BODYBUILDING 101: Horses come in all shapes and sizes, just like people. There are, however, some basics to it. Young horses grow their way through gangly phases just as we do (well, I had a gangly phase, anyway; I might still be in it :o) I'm not talking about draft babies vs. finer boned horses; I'm talking about muscle and weight. It is NOT normal to see what should be a gangly 1 or 2 year old nearly up to the same size as a 3 or 4 year old and seriously muscled out (it's kind of scary, actually).
STUDLY DO RIGHT (NOT wrong!): It amazes me how many people Ooooh and Aaah over a stud that is barely under control. While it hurts my heart to see some of these animals restrained using a chain run across the gums, (or a stabilizer), I can only lament the fact that someone would allow things to get that far out of hand in the first place. I have seen far more of these testosterone tanked titans (heh heh) than the world needs.

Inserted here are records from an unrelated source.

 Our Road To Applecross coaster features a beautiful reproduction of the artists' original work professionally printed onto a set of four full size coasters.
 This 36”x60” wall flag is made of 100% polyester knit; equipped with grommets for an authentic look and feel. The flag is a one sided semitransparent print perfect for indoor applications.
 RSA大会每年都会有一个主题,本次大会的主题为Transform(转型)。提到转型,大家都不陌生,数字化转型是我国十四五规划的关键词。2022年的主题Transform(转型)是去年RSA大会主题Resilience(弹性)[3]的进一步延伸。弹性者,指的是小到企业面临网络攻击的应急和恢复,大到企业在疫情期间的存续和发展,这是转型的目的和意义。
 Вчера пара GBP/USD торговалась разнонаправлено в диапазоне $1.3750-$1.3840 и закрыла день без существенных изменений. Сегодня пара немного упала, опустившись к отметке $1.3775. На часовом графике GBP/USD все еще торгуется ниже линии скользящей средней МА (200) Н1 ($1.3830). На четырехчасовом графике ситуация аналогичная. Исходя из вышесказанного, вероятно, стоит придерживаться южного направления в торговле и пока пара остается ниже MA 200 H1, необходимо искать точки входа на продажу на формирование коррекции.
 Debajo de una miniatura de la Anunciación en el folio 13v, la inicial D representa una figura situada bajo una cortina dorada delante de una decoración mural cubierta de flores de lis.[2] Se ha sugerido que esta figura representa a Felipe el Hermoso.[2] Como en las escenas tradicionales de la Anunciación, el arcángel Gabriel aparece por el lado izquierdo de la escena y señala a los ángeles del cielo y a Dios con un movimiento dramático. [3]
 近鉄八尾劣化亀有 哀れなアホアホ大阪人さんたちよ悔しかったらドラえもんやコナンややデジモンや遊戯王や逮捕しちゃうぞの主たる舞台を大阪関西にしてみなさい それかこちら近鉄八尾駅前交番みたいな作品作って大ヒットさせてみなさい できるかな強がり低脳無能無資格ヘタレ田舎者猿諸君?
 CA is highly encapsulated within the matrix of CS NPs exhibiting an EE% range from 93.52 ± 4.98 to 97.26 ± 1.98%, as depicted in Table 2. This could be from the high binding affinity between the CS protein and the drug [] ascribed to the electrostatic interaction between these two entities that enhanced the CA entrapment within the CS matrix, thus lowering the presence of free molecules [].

PAPER AND PLASTIC: Who's your daddy? That is apparently a terribly important quality in a horse. I'm not sure it really matters if the horse himself is any good; just what you read on the papers. Of course I'm thinking it probably doesn't matter much if your horse was sired by Man O' War himself if Mama was HYPP positive...
Hollywood notwithstanding, is it really very nice to keep a horse in a stall all the time - or covered head to tail - so they don't get a scratch? I don't know about you, but I had plenty of scars before I hit the age of 10. Some from accidents, some from foolishness; one thing's for sure - I have them. How many people do you know that don't? I can understand judges passing over a horse that has some kind of major CONFORMATION flaw, but small scratches or scars? I'm afraid I just don't understand the big deal, not really. I wonder when it was, exactly, that a horse's ultimate goal was to become just like Barbie...

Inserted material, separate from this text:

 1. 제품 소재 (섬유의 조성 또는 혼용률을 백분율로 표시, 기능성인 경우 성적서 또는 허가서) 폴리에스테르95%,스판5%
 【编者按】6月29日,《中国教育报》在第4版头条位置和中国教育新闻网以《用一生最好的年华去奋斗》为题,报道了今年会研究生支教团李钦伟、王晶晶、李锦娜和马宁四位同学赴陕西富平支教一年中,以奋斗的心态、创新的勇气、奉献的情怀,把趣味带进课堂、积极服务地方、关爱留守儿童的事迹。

FOAL MILLS: Sadder still, are the breeders that "breed back" over and over again. Weaning early to flood an already saturated horse market with tons of babies that have never been handled; all so they can breed back as soon as the mare hits foal heat. Of course you just know they all have GREAT "papers"!

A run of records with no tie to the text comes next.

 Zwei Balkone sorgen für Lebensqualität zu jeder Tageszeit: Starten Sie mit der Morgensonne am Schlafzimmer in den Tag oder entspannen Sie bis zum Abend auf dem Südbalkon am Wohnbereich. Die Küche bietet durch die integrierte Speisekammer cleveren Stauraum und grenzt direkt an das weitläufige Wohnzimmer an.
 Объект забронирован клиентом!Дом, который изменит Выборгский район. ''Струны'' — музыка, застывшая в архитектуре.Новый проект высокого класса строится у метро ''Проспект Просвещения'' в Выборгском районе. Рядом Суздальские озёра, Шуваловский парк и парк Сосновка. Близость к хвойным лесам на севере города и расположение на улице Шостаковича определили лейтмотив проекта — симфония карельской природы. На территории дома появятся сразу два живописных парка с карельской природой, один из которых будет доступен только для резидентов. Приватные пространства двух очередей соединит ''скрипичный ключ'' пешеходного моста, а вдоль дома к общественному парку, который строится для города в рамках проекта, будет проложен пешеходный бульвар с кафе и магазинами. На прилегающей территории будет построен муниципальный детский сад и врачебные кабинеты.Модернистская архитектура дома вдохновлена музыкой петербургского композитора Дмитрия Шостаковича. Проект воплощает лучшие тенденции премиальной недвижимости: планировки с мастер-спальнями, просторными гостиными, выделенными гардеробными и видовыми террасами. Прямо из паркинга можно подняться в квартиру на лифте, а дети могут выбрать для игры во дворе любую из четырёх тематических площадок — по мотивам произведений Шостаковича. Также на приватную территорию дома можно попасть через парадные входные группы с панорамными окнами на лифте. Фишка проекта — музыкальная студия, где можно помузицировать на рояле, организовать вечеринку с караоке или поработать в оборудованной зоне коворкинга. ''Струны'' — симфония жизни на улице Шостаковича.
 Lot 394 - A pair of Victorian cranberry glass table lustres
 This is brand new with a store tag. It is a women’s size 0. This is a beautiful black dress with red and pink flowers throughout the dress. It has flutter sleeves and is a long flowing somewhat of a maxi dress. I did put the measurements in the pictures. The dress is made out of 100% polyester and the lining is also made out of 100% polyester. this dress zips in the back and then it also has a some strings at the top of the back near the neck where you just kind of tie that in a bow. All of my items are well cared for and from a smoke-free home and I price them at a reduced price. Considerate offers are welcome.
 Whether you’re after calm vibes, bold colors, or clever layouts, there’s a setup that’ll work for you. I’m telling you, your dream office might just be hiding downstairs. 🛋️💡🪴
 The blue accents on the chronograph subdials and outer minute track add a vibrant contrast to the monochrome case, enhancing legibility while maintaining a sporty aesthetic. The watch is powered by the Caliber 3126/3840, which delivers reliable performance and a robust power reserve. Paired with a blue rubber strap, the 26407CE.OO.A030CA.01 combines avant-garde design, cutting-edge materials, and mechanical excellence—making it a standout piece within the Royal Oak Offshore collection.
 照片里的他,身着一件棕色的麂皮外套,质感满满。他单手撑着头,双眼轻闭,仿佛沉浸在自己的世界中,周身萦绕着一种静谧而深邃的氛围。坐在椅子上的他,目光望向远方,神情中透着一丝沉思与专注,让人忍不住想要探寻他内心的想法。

POINT TO PONDER: Careless breeding practices are at the root of the biggest problem facing the horse industry right now: unwanted horses.
Superficially, a ban on slaughtering horses sounds great - all warm and fuzzy thoughts, right? At first I thought so too, but...okay, you've closed all of the slaughterhouses. Great. But um, here's the thing: WHERE DO THE HORSES NOBODY WANTS GO NOW? Are you willing to keep one in your spare bedroom? Backyard? Apartment? Rescues are overwhelmed, people don't donate like they used to because of the economy so now the overwhelmed rescues are going under and horses are slowly starving to death all over the country. And - just to make things interesting - let's not forget the terrible hay shortage we've had in the South over the past couple of years...
Yep, it's a soapbox thang all right....sigh
Moron The Quarter Horse Industry
First Place or Bust [make that block]
And no, that wasn't a typo in the title. Have you ever heard of tail blocking? I had (sort of), but didn't know much about it (or why it was done) until I came across an article the other day entitled, "Tail Blocking Gone Wrong". I've added the hyperlink below if you'd like to read the whole sad tale.
It never ceases to amaze me the lengths to which people will go (or in this case allow themselves to be steered) in order to win. Apparently, it is completely unacceptable to have a horse swish their tail for ANY reason in the show ring, so someone came up with this brilliant (and seriously brain damaged) solution to eradicate this terrible [?] problem.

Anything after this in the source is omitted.